[Data entries]
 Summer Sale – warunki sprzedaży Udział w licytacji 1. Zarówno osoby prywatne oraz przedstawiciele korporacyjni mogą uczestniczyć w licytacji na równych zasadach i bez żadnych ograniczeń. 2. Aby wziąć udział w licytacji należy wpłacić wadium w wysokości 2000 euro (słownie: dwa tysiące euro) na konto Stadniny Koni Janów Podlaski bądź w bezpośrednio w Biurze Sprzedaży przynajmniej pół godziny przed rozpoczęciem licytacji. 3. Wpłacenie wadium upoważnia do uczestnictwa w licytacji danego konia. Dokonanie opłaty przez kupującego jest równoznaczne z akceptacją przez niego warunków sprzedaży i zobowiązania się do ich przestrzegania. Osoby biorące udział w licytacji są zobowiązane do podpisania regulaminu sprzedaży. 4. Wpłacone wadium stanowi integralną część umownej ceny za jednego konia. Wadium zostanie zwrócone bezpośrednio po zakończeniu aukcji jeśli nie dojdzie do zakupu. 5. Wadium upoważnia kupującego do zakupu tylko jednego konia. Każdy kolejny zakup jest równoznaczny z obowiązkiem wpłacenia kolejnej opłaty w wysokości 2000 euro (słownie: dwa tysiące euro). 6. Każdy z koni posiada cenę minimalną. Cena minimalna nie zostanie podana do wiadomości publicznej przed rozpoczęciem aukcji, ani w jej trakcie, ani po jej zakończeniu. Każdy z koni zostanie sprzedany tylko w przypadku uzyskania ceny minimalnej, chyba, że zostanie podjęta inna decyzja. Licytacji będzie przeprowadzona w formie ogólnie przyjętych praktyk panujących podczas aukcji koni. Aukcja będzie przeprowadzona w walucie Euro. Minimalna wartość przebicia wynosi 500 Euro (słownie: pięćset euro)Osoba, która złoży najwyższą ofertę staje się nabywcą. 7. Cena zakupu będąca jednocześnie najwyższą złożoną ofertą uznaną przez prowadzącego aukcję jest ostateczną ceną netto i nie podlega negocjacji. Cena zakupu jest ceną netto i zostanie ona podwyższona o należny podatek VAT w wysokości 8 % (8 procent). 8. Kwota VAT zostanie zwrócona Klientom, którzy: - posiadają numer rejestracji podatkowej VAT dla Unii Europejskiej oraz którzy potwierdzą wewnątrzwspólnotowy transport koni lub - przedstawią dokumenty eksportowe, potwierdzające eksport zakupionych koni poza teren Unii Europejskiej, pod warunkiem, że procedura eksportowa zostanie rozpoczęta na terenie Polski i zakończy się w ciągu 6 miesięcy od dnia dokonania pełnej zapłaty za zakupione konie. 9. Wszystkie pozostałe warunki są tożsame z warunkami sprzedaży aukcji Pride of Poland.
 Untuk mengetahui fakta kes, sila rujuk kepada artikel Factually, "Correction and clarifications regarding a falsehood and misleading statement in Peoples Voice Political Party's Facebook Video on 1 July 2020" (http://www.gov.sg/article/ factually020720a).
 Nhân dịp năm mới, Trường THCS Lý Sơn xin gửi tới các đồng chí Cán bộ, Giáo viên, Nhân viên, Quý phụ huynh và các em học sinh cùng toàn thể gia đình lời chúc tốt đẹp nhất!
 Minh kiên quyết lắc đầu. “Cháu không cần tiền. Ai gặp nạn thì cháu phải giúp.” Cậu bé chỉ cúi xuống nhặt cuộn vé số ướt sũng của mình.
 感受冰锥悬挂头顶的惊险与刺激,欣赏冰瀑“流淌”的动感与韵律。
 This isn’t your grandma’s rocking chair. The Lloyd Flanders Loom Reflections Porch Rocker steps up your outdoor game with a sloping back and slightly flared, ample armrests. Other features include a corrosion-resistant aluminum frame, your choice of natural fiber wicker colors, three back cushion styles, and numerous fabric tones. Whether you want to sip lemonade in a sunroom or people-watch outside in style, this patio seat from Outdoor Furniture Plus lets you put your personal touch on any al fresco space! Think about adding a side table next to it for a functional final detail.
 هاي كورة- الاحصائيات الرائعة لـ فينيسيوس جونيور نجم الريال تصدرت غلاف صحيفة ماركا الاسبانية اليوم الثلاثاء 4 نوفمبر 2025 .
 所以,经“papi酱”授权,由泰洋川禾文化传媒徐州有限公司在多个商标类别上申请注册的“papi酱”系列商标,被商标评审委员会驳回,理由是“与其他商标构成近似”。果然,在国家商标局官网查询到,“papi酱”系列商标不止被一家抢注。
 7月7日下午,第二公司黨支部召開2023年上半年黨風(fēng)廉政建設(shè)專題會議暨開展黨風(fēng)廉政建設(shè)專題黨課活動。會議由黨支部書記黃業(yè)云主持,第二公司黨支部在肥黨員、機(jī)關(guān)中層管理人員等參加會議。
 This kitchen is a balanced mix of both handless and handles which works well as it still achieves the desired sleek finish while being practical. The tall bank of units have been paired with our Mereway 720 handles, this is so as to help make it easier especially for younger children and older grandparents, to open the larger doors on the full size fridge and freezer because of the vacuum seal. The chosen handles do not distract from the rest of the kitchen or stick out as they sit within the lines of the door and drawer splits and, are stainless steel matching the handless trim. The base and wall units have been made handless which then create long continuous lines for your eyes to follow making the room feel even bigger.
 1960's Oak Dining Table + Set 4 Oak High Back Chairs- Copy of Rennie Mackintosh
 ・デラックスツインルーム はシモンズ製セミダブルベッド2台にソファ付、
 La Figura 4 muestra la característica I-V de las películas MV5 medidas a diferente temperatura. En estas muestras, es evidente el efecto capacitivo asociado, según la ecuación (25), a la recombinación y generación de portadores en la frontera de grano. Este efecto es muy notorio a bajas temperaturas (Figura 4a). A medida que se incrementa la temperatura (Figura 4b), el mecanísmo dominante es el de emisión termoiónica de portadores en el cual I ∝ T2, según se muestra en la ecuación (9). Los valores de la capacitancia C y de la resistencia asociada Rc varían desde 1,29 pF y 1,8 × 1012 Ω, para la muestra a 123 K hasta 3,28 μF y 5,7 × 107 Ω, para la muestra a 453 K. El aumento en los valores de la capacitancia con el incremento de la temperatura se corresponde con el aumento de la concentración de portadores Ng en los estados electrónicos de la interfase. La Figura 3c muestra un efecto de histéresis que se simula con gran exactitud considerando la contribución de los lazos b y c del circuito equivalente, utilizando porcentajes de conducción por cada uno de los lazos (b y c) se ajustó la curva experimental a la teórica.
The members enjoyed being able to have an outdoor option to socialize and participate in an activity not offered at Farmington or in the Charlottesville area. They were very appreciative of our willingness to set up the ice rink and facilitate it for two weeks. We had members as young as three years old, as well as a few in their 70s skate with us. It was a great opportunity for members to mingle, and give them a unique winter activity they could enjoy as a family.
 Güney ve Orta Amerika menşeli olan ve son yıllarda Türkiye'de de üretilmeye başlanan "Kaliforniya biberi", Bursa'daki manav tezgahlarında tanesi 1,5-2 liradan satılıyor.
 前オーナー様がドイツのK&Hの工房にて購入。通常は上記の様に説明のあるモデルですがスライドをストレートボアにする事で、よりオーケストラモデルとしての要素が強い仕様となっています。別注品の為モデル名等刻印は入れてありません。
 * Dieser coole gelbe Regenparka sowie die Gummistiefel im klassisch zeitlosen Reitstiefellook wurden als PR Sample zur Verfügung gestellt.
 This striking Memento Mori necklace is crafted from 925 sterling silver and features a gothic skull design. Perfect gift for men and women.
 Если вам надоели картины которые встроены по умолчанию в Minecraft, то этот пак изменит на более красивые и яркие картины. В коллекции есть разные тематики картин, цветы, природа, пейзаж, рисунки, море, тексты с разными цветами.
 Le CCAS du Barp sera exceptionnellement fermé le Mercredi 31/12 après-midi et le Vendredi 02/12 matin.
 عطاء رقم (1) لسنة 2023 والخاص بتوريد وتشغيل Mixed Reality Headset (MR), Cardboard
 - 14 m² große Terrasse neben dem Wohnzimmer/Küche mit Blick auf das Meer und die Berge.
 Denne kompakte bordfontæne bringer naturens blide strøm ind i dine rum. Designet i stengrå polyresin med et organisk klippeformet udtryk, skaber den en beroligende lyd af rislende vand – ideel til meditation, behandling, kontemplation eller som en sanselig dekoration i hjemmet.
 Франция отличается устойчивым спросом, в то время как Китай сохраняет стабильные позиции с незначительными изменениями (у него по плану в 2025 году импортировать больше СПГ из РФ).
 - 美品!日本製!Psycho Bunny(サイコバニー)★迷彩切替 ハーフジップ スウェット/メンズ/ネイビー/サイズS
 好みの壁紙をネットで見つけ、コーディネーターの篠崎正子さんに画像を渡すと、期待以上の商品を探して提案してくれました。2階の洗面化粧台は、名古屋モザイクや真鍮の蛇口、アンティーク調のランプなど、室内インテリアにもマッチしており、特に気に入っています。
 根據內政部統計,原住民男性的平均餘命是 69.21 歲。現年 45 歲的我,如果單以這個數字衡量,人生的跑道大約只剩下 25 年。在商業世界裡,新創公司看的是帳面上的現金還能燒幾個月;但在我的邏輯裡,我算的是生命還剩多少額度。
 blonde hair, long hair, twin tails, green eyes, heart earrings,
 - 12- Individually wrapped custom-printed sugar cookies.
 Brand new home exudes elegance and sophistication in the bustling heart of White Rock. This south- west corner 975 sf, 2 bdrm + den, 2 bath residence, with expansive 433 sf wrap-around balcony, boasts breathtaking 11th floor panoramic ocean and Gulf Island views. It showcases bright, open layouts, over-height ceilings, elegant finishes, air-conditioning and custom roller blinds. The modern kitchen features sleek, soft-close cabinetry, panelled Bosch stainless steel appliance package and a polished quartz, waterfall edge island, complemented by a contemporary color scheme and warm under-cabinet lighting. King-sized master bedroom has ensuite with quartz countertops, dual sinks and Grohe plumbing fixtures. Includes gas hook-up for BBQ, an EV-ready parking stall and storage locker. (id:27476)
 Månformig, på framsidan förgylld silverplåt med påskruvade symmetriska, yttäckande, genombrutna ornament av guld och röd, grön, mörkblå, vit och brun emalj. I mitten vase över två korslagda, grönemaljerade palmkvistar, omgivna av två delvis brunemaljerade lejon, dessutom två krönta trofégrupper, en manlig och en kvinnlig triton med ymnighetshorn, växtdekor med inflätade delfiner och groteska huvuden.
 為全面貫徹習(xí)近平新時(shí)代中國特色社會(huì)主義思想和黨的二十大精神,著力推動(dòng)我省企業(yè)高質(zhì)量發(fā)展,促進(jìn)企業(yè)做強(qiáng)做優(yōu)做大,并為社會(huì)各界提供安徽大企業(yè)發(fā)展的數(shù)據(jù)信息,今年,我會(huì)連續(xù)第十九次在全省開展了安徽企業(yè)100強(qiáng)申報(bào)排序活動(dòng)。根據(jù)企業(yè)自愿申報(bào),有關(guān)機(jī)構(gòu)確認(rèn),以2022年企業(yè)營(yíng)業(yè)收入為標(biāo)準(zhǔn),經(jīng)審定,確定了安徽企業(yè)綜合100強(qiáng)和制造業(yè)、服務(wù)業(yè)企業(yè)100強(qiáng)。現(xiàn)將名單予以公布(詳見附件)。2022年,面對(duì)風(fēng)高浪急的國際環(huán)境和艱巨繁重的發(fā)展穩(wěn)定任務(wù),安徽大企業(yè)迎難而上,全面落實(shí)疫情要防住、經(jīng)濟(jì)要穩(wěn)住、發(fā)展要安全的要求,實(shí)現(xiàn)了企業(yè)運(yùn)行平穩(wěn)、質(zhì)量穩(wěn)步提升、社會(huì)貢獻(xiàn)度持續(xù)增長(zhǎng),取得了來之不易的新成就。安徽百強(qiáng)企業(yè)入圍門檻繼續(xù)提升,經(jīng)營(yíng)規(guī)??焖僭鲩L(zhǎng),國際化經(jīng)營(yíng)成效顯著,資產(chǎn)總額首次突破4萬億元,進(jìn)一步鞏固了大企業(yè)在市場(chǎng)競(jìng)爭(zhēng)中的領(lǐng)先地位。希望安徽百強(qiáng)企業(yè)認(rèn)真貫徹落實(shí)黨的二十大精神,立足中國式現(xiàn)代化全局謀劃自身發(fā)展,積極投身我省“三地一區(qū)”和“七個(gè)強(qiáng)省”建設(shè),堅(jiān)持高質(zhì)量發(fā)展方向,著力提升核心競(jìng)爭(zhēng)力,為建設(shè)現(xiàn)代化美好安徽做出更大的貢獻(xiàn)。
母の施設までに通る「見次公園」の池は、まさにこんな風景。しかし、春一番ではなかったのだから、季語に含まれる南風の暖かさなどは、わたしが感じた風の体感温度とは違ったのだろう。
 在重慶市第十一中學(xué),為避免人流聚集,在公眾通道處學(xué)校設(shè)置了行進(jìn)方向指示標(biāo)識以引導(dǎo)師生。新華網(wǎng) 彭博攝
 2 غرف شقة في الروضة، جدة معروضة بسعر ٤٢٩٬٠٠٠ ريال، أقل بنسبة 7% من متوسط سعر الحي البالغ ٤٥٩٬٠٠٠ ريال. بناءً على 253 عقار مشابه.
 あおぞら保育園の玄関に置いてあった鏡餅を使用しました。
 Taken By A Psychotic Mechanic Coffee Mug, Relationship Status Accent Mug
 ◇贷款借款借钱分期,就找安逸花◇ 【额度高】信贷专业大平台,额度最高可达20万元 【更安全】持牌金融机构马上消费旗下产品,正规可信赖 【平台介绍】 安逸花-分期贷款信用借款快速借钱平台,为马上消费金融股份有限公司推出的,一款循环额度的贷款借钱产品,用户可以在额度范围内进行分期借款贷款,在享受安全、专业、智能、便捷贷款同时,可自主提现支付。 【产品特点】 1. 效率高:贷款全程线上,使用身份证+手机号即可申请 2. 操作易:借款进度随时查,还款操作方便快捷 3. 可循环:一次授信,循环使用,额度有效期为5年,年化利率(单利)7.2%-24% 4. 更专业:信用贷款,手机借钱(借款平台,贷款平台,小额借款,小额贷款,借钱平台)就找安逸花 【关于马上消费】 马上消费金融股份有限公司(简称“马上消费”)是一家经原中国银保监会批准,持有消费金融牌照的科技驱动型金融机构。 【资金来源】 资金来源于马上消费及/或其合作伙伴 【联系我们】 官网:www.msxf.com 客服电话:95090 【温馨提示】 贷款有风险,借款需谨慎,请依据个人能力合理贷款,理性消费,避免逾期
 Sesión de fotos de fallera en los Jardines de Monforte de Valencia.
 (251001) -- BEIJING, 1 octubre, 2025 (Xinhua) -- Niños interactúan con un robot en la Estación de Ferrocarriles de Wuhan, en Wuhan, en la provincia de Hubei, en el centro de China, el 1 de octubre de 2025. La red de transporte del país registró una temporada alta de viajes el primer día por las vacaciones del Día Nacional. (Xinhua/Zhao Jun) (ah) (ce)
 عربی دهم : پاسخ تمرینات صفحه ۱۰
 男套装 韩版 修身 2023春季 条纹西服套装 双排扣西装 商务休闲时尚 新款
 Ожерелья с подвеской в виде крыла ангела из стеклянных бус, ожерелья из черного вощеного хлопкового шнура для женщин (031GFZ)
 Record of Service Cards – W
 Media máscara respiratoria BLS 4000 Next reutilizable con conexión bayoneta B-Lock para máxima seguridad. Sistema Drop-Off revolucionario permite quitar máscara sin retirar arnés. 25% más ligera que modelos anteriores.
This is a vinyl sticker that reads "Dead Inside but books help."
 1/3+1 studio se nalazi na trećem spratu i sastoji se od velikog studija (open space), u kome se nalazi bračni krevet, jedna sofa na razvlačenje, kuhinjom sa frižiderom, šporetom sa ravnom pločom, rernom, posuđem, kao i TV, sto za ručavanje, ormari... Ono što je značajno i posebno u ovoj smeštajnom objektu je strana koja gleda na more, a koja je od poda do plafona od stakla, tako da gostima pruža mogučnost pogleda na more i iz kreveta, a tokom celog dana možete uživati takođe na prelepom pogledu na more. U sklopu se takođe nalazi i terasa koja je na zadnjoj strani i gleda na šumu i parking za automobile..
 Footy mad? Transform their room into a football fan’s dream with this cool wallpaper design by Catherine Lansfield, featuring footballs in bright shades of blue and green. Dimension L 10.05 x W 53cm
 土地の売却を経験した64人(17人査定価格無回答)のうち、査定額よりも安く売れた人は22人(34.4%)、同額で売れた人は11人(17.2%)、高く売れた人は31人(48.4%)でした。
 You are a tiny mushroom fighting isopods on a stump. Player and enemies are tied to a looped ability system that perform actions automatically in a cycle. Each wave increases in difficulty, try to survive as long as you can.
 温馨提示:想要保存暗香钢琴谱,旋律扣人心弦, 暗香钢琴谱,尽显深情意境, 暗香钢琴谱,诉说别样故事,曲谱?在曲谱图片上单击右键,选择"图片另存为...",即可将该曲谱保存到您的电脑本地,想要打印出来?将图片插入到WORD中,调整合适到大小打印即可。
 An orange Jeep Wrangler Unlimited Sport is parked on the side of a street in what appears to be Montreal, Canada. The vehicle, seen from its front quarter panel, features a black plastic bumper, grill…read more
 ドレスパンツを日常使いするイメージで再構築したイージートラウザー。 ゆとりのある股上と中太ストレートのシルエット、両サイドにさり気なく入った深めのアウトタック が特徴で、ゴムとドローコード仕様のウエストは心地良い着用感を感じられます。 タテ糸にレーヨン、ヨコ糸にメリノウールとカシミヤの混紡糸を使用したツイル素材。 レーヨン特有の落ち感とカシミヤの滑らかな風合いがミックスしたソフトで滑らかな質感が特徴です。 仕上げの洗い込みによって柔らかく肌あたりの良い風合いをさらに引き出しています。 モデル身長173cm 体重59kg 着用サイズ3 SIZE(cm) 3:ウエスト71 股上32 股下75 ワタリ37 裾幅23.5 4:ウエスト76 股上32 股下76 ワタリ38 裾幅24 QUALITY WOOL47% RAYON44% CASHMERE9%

TASK TO CARRY OUT. Write out every line of the entries that holds the word "green".

ANSWER TO THE PROBLEM.
 blonde hair, long hair, twin tails, green eyes, heart earrings,
 Footy mad? Transform their room into a football fan’s dream with this cool wallpaper design by Catherine Lansfield, featuring footballs in bright shades of blue and green. Dimension L 10.05 x W 53cm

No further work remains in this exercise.